By moving toward a better data/storage fit, we can eliminate a lot of waste. In the Redis recommendation engine case, we might spend time on building and maintaining separate views of our data, keeping the data consistent, and hand-coding the algorithms. This is work that doesn’t produce any additional benefits beyond the recommendation engine itself. It’s waste. If we can take most of that time and put it into producing actual value (e.g. new features that we can sell, new insights we can learn from, etc.), we can significantly increase our productivity, and ultimately profit.

Categorizing Shape of Data

The million dollar question still remains. How do you know what shape your data is? Let me present you with another chart!

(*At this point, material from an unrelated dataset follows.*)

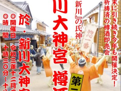 HOME > 新川大神宮 新川大神宮 「師走吉例・ 新川大神宮樽酒祭」 新川大神宮で開催!12月2... 年の瀬の2022年12月27日(火)、酒問屋の街新川の氏神「新川大神宮(中央区新川)」において、江戸下り酒の6蔵が集結し、江戸以来の風物詩である樽酒の量り売りイベント「新川大神宮樽酒祭」が開催されます ... 2022/12/15 今年も開催!第3回 新川大神宮 樽酒祭~2021年12月27... 2019年、東京都中央区新川の新川大神宮にて、開始された「新川大神宮樽酒祭」。令和の始まりを祝し、江戸期以来の新川の風物詩である、仕事納め/年越し用の下り酒の樽酒量り売りを復活させようと始められました ... 2021/12/27
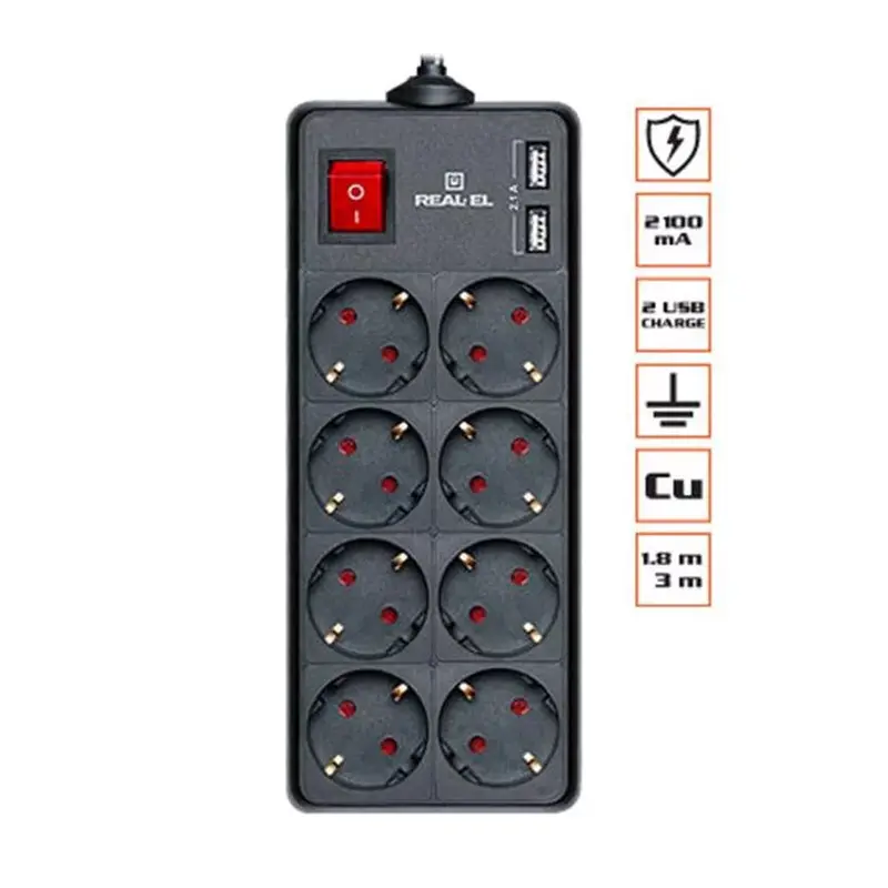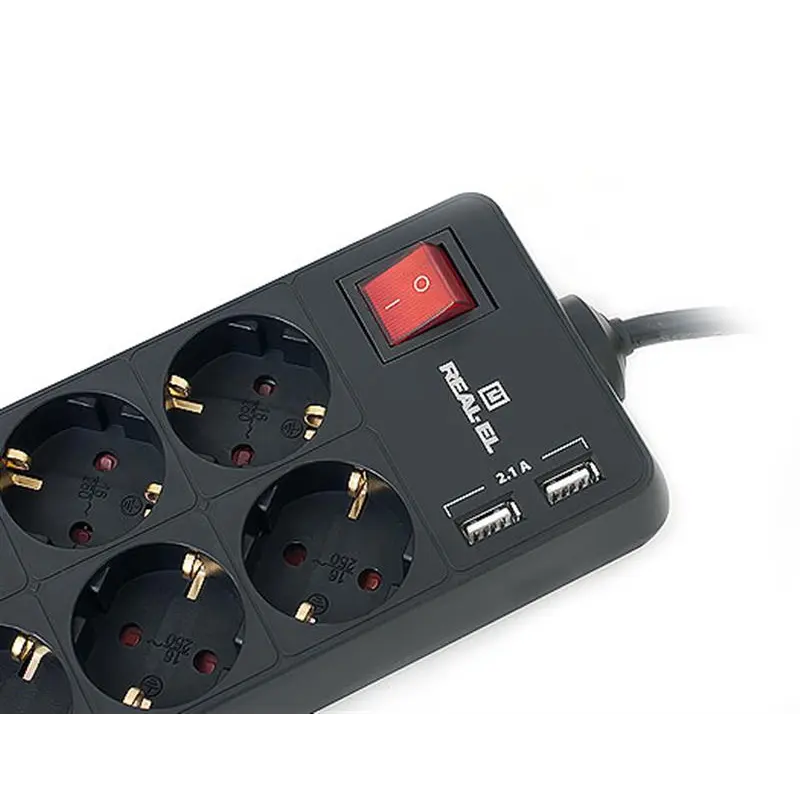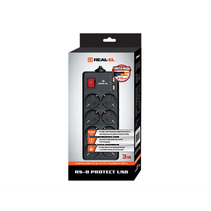 Фільтр живлення REAL-EL RS-8 Protect USB 3.0m Black

Some data sources are volume-heavy, but most data sources are connectedness-heavy

Look at the two most prominent characteristics of data, namely connectedness and volume. If we consider data with low connectedness but high volume, we might find things like sensor readings and raw log data. On the other side of the spectrum, with high connectedness and moderate volume, we actually find quite a broad range of use cases. In fact, most companies today (unless you’re in the 0.01% with Google) have a connectedness challenge, not a data volume challenge. There are massive insights to be unlocked in the data you already have.

Conclusion

If you can achieve a good data/storage fit, you can count on gains in time, cost savings, and competitiveness. Combine this with the dark data approach to insights, where you first focus on doing more with the data you already have before hoarding data without a strategy, then you will be on a solid path forward. That’s exactly what companies like eBay, HP, Cisco, Medium(!), Walmart, Johnson & Johnson, TechCrunch, and countless others do with Neo4j. When are you going to stop letting your technology choices hold you back?

Disclaimer: I work for Neo Technology, the company behind Neo4j, the leading graph database.